Penyangraian
Penyangraian bertujuan untuk membentuk aroma dan cita rasa khas cokelat dari biji kakao
serta untuk memudahkan mengeluarkan lemak dari dalam biji. Melalui proses fermentasi dan
pengeringan yang tepat, biji kakao akan mengandung cukup banyak senyawa calon pembentuk
cita rasa dan aroma khas cokelat, antara lain asam amino dan gula reduksi. Selama penyangraian,
kedua senyawa tersebut akan bereaksi membentuk senyawa Maillard. Senyawa gula nonreduksi
(sukrosa) akan terhidrolisis oleh air membentuk senyawa gula reduksi dan kemudian akan
melanjutkan reaksi Maillard. Selain ditentukan oleh keberadaan senyawa calon pembentuk aroma
dan cita rasa, kesempurnaan reaksi sangrai juga dipengaruhi oleh panas, waktu, dan kadar
air. Selama proses penyangraian, air akan menguap dari biji, kulit yang menempel dipermukaan
inti biji terlepas, inti biji menjadi cokelat, dan beberapa senyawa menguap, antara lain asam,
aldehid, furan, pirazin, alcohol, dan ester.
Sumber panas untuk proses penyangraian umumnya diperoleh dari pembakaran minyak
dari sebuah tungku. Energi panas disalurkan melalui dinding silinder bagian luar secara konduksi.
Dengan demikian, kontaminasi asap hasil pembakaran minyak kedalam silinder dapat dicegah.

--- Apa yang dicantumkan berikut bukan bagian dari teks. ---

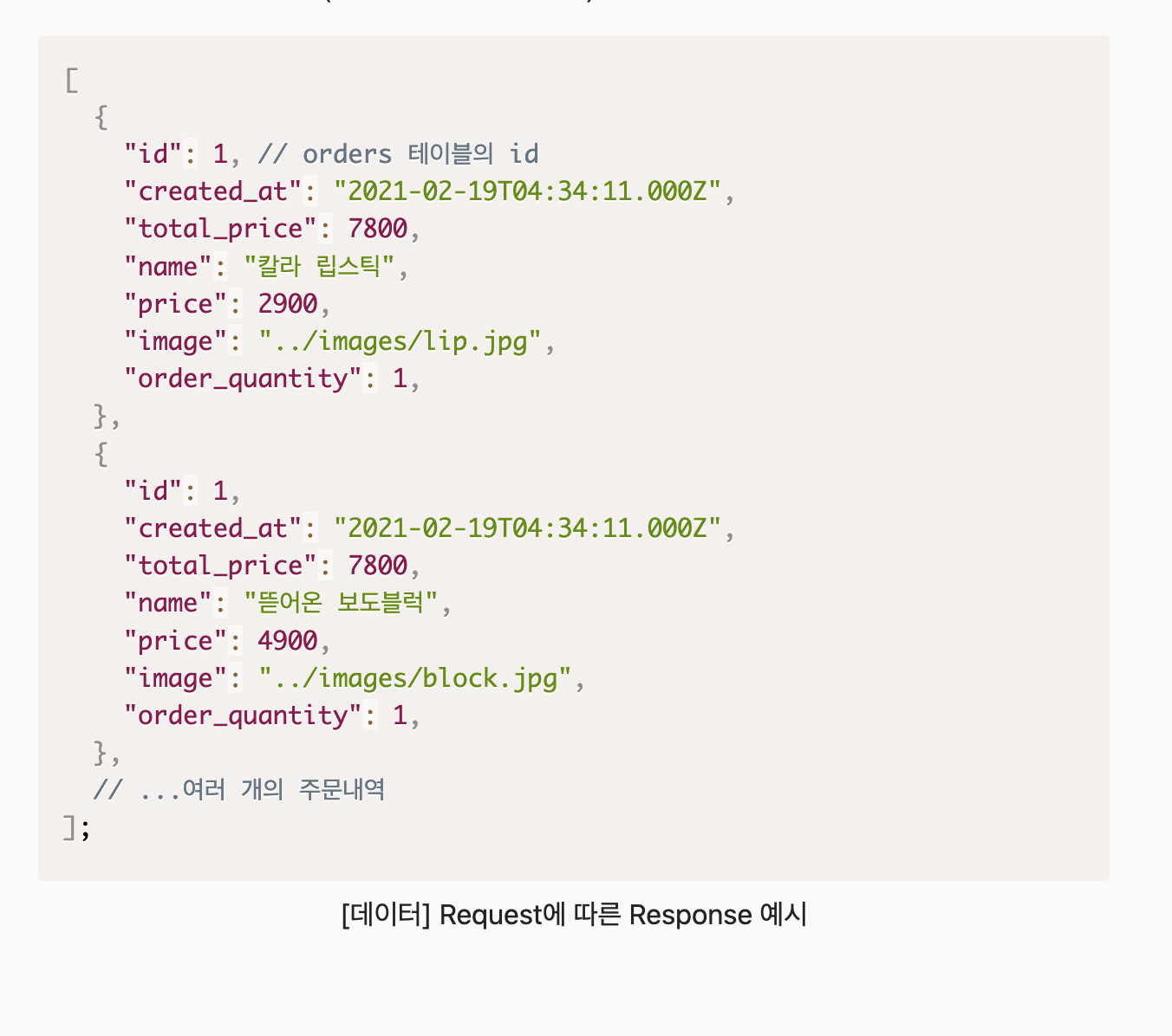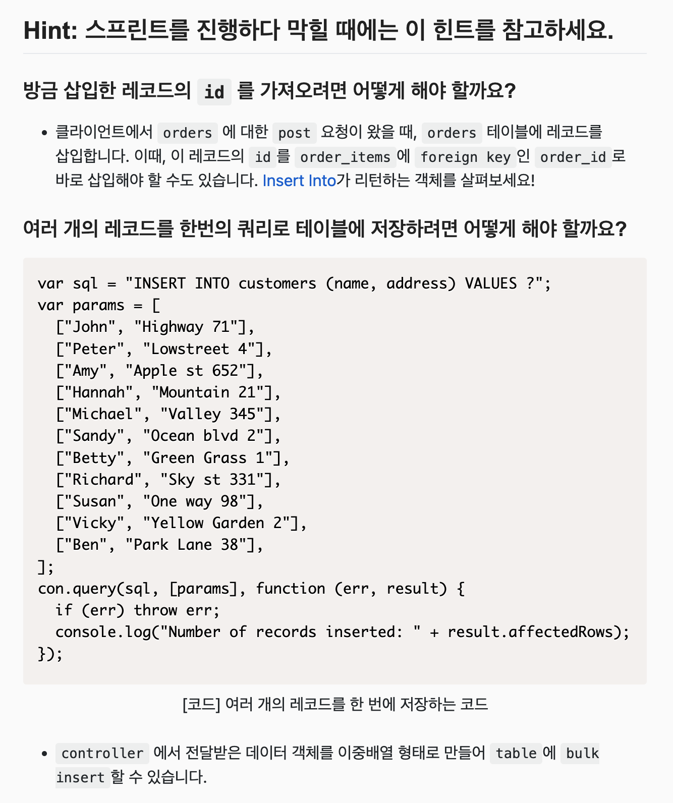 (하나만 살 수도 있고 여러개를 살 수 있기 때문에 요청들어온 아이템 내역을 하나하나 insert into를 실행해도 되겠지만 배열로 묶은 벌크 단위로 데이터를 보내서 한번의 쿼리로 실행할 수 있도록 하면 더 좋다)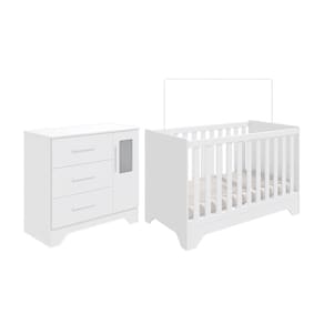 Caracter?sticas da C?moda: Estrutura 100 MDF Acabamento pintura UV at?xica 1 Porta 3 Gavetas Com janela Caracter?sticas do Ber?o: Estrutura: 100 MDF Acabamento: Pintura UV At?xica Espessuras: Estrutura 12mm, Barra das Grades 25mm Tipo de Estrado: Regul?vel em 2 posi??es -22 e 54 - cm- Op??es de montagem: Pode montar como ber?o, minicama ou minissof? Tamanho do Colch?o Indicado -LxC - cm-: 70 x 130 -Infantil Americano- Certificado INMETRO: Ber?o Popy Retr? 008091/2021 Suporta at?: 40kg

Uap air dari inti biji akan terperangkap didalam silinder, sebaliknya udara dari lingkungan luar
silinder tidak dapat masuk kedalam silinder. Proses pemindahan panas dan massa uap air didalam
silinder berlangsung secara seimbang sehingga lingkungan didalam silinder dipertahankan sangat
lembap dan panas. Suhu dan kelembapan udara didalam silinder yang terkontrol akan
menghasilkan distribusi suhu yang beragam untuk semua jenis ukuran pecahan biji sehingga
penyangraian lebih terkendali. Biji gosong pada ukuran biji kecil, seperti umumnya terjadi pada
penyangraian konvensional, tidak terjadi.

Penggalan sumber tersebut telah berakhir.